Exercise →
I need the records below restated word for word, without their pictures.

Material supplied →
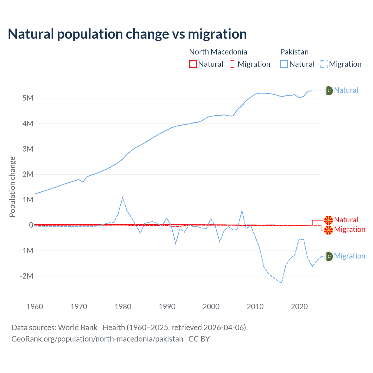 Over the last 10 years, 6.45% of the population change in North Macedonia is from natural causes (a loss of 12,585 people) and 93.5% is from migration (a loss of 182,429 people). In Pakistan 77.8% is from natural causes (a gain of 51,255,404 people) and 22.2% is from migration (a loss of 14,629,055 people).
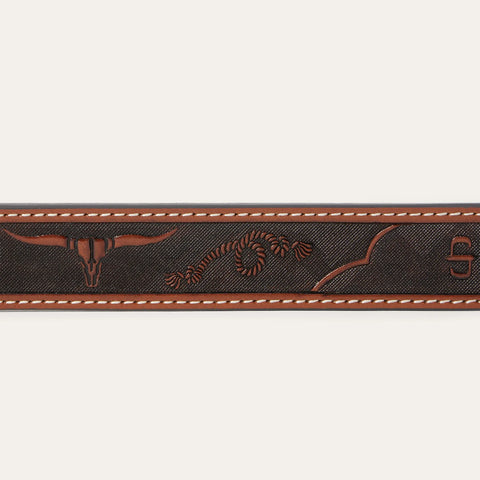 Made from top grain leather, this belt has a 1 ½” wide tooled cognac leather strap embossed with western icons and basket weave tabs. It features seven holes on the point end to ensure a proper fit for all body types and is finished with a silver-tone Stetson buckle. At once rugged and refined, each of our belts embodies our legendary commitment to quality and attention to detail.
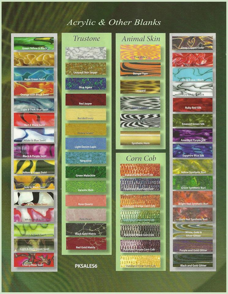 I have a potential customer that has asked for a 3 piece set in a green, yellow, and black acrylic. She sent a chart showing the blank, but I haven't been able to locate the supplier. The top left blank is the one I'm looking for. Can anyone identify this supplier for me?
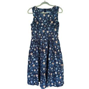 Retrolicious Space-Themed Sleeveless Dress With Retro Planets & Stars Print
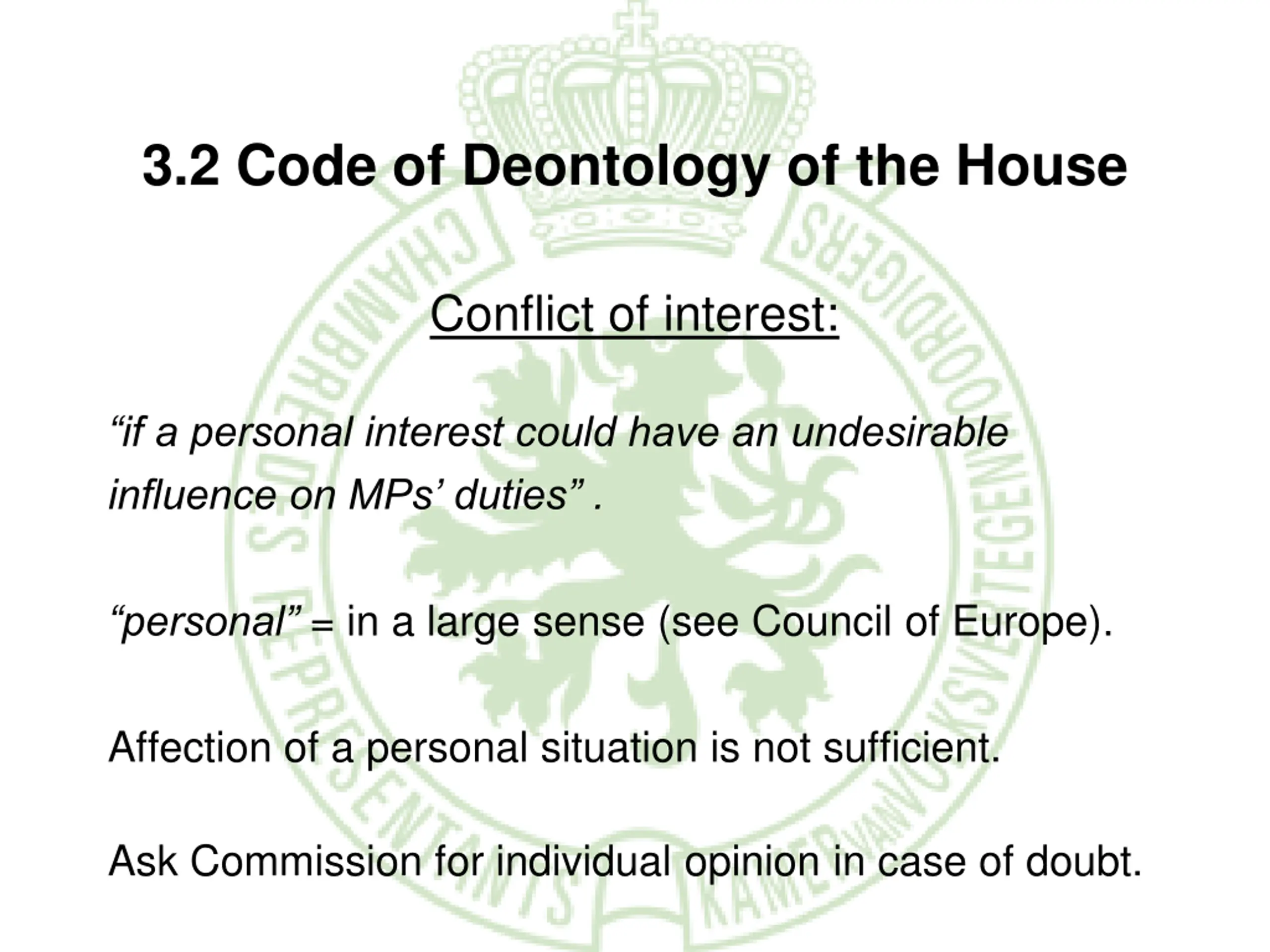 3.2 Code of Deontology of the House Conflict of interest: if a personal interest could have an undesirable influence on MPs duties . personal = in a large sense (see Council of Europe). Affection of a personal situation is not sufficient. Ask Commission for individual opinion in case of doubt.

Your response →
 Over the last 10 years, 6.45% of the population change in North Macedonia is from natural causes (a loss of 12,585 people) and 93.5% is from migration (a loss of 182,429 people). In Pakistan 77.8% is from natural causes (a gain of 51,255,404 people) and 22.2% is from migration (a loss of 14,629,055 people).
 Made from top grain leather, this belt has a 1 ½” wide tooled cognac leather strap embossed with western icons and basket weave tabs. It features seven holes on the point end to ensure a proper fit for all body types and is finished with a silver-tone Stetson buckle. At once rugged and refined, each of our belts embodies our legendary commitment to quality and attention to detail.
 I have a potential customer that has asked for a 3 piece set in a green, yellow, and black acrylic. She sent a chart showing the blank, but I haven't been able to locate the supplier. The top left blank is the one I'm looking for. Can anyone identify this supplier for me?
 Retrolicious Space-Themed Sleeveless Dress With Retro Planets & Stars Print
 3.2 Code of Deontology of the House Conflict of interest: if a personal interest could have an undesirable influence on MPs duties . personal = in a large sense (see Council of Europe). Affection of a personal situation is not sufficient. Ask Commission for individual opinion in case of doubt.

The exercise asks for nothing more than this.